ERP source estimates
For source estimates of the MFN, a difference between the waveforms from session 3 and the pre-learned waveforms in session 1 was derived. The source estimate was then obtained during the peak (∼339 ms) difference. The results revealed sources along the mediodorsal aspect of the frontal lobe, including the ACC (BA 24), medial frontal gyrus (BA 8 and 6), and mid-cingulate cortex and paracentral lobule (BA 31, see Figure 7). These results are consistent with source estimates for the MFN in our previous studies (Luu et al., 2007, 2009). Source estimates were also derived for MFNs obtained at different stages of post-learning (i.e., sessions 1, 2, 3, and 4) to examine differences. The results for each estimate were very similar to the solution shown in Figure 7.
Figure 7. Estimate of source generator for MFN and P3. Lines at each voxel represent orientation vectors (pointing in the positive direction). The vectors indicate the scalp topography features that are accounted by the source voxels (see orientation of these sources relative to the scalp topography of the MFN in Figure 5 and P3 in Figure 6).

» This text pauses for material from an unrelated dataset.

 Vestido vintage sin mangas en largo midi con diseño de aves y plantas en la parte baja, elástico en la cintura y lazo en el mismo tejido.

Source estimates of the P3, derived from post-learning sessions 1, 2, 3, and 4 were performed at the peak (∼500 ms). The source locations are similar across all post-learning sessions and is illustrated for session 3 in Figure 7. Consistent with our previous findings (Luu et al., 2007, 2009), the generators of the P3 are located in the medial temporal lobes (stronger in the left for the stimuli used in the present study) and PCC.

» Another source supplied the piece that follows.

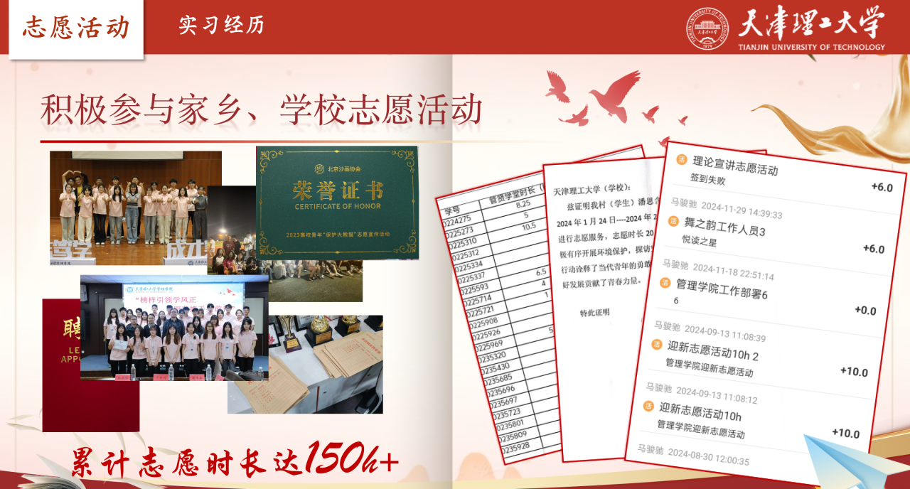我相信,真正的成长源于将所学回馈社会。在志愿服务中,我累计服务时长超150小时,足迹从校园延伸至家乡。2024年1月,在邮储银行实习期间,我负责为客户提供业务办理与理财咨询服务,这段经历让我将保险学理论知识转化为实际服务能力,更深刻体会到金融工作的民生价值。

Participants took more trials to learn correct response (Go) stimulus–response mappings than correct (No-Go) response suppressions. This is not surprising because No-Go stimuli require a single category (inaction) whereas Go stimuli have four possible response mappings (four finger alternatives) that must be learned depending on the codes. Participants made fewer errors after they learned the task, and error RTs did not decrease after learning, in contrast to the significant reduction in RTs associated with correct responses after learning. Apparently, in this paradigm, the speeding of responses with automaticity after learning applies only to correct responses, and the residual errors are not quick “slips” but rather trials in which problems of attention, memory retrieval, response programming or other underlying mechanisms lead to extended processing preceding the error.

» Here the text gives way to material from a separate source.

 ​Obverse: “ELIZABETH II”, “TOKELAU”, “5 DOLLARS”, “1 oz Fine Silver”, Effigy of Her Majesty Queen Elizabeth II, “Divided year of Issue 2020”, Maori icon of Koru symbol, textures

These learning-related behavioral results are consistent with our previous findings (Luu et al., 2007, 2009). Furthermore, there was evidence of improved automaticity with continued practice. With continued practice in sessions 2 and 3, participants made faster responses and fewer errors (particularly between the first and second sessions). Analysis of the CV measure revealed that variability in performance decreased substantially after learning within the first session, and then remained quite stable thereafter (across sessions 2–3). According to CV rationale, stable CV after learning implies that automaticity did not further increase with practice.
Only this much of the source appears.